Choose a traditional Christmas Yule Log cake recipe and create a beautifully decorated cake to serve on Christmas Eve. The log-like cake symbolizes the ancient custom of the Yule Log that burned for twelve nights until Epiphany.
However, these homemade cakes won't last twelve nights as the original oak logs did. They are far too tempting and delicious!
Our family enjoys a Yule Log for dessert on Christmas Eve after a midnight church service. When the children were little, we would serve the Yule cake and sing Happy Birthday to Jesus. Why not make a traditional dessert cake for your Christmas this year?
Mom's Recipe Scrapbooks (1920s)
1/4 cup butter
3/4 cup fine sugar
3 eggs, separated
2/3 cup sifted all-purpose flour
1-1/2 teaspoons baking powder
1/2 teaspoon baking soda
1/4 teaspoon salt
1-3/4 cups graham wafers, finely rolled
3/4 cup buttermilk or sour milk
Line a 10 x 15-inch jelly roll pan with waxed paper. Do not grease. Cream butter and sugar. Add egg yolks and beat well. Sift dry ingredients and add alternately to creamed mixture with milk. Fold in stiffly beaten egg whites and wafer crumbs.

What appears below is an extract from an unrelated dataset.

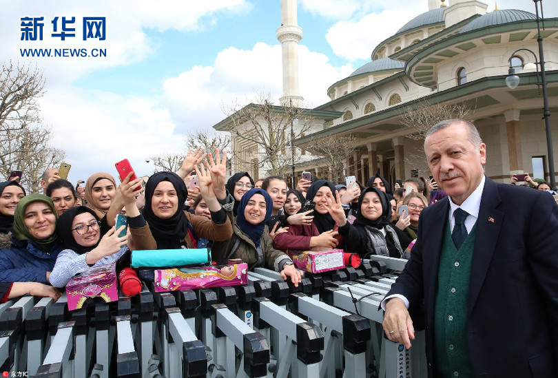 當(dāng)?shù)貢r間3月30日,土耳其安卡拉,土耳其總統(tǒng)埃爾多安在星期五禮拜結(jié)束后與民眾打招呼。(圖片來源:東方IC)
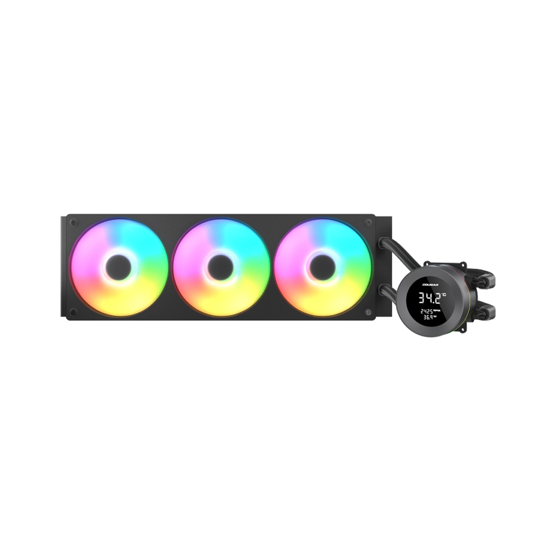 Кулер с водяным охлаждением, Cougar, Poseidon Vistek ARGB 360, Intel 1851/1700/1200/115х и AMD AM5/AM4, 3*120мм Unity ARGB, 700-2500 RPM±10%, 78,2CFM, 38 dB(A), Чёрный

Bake at 350°F for 20 minutes. Turn out immediately onto a damp towel liberally sprinkled with fine sugar.
Carefully remove waxed paper, trim crusts. Roll cake up along narrow edge.
When cool, partially unroll, then fill, and frost with lemon flavored whipped cream. Chocolate frosting can be substituted for the whipped cream called for in this Christmas Yule Log Cake recipe. Delicious either way.
Five ounces fruit sugar, 5 ounces flour, five eggs. Beat fruit sugar and yolks of eggs together until light. Add flour gradually, and then fold in the stiffly beaten egg whites. Spread on shallow pan, covered with greased paper, and bake in moderate oven.
When cool spread with a boiled custard, roll like a jelly roll, leaving a hole in the center, which can be filled with whipped cream.
Decorating a Yule Log is easy. Just cover cake with mocha frosting, "ridge" sides roughly with a fork (see photo), sprinkle with finely chopped pistachio nuts (optional), and lightly dust with icing sugar for snow (optional).
A sprig of holly for decoration is traditional. Cut both ends on an angle to represent a Yule Log. Very Good!
Yule Log cakes are part of an old Christmas tradition. "Yule" is simply another word for Christmas, while "Yuletide" refers to the Christmas season.
The word Yule is thought to have originated with an ancient pre-Christian harvest festival held in November.
The Yule Log is an ancient custom that survived into Christian times. A huge oak log was carried into the dining hall amid much celebration and lighted on Christmas Eve.
Then, the log was burnt each night until Epiphany, the feast of Twelfth Night, to symbolize the power of God's Light to conquer darkness.
After the log had been extinguished, the remaining charcoal was kept until the following Christmas to kindle the next year's Yuletide Log. The charcoal was also believed to protect the house from lightning and fire throughout the year.
Now, the decorated log-shaped cakes have come to symbolize the ancient oak logs. In Quebec, these festive cakes are known as la Buche de Noel.
This Christmas, bake a traditional Yule Log cake using an old fashioned Christmas Yule Log cake recipe, and delight your family.
Xmas or X-mas has been commonly used as an abbreviation of the word Christmas since the 18th century and possibly earlier. The "X" comes from the Greek letter Chi, the first letter of the Greek word for Christ (Χριστός), and the "mas" comes from the Old English word for Mass.
There's also documented history of the use of the Greek letter Chi as a symbol of Christ and the cross. The Chi-Rho (☧) is an early Christian symbol representing Christ that's formed by superimposing the first two letters, Chi and Rho (XP), of the Greek word Χριστός translated as Christ.
Generations passed, and by the mid 20th century fewer English-speaking people understood Greek, and the historical origin of the term Xmas. A common misconception grew that the "X" had some negative, anti-Christian meaning and that its use showed disrespect.
Ironically, by spotlighting unfounded hearsay and denying the true meaning of the word Xmas, sincere people unknowingly contributed to what many had feared, a gradual secularization of Christmas.